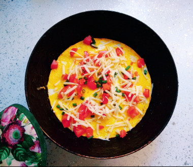 Яйца разбейте в миску, посолите, поперчите их и тщательно перемешайте вилкой до однородной массы. Аккуратно вылейте яйца на тортилью, которая лежит на сковороде. Закройте сковороду крышкой и жарьте лепешку в течение 5-7 минут. Яйца должны практически полностью приготовиться.
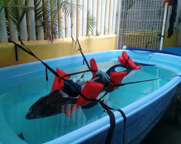 El animal se encuentra en rehabilitación en una tina con flotadores y se le proporciona una alimentación adecuada, que está controlada por medio de una sonda.
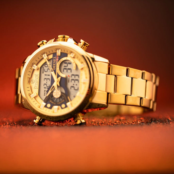 Sveston Diesel Is a Gents Stainless Steel Watch Having 40mm Dial and Comes with Stainless Steel Watch Case With Dual Time.
● ● ●
## Task to carry out
Without the pictures, output the full listing exactly as it stands.

## Solution to this task
 Яйца разбейте в миску, посолите, поперчите их и тщательно перемешайте вилкой до однородной массы. Аккуратно вылейте яйца на тортилью, которая лежит на сковороде. Закройте сковороду крышкой и жарьте лепешку в течение 5-7 минут. Яйца должны практически полностью приготовиться.
 El animal se encuentra en rehabilitación en una tina con flotadores y se le proporciona una alimentación adecuada, que está controlada por medio de una sonda.
 Sveston Diesel Is a Gents Stainless Steel Watch Having 40mm Dial and Comes with Stainless Steel Watch Case With Dual Time.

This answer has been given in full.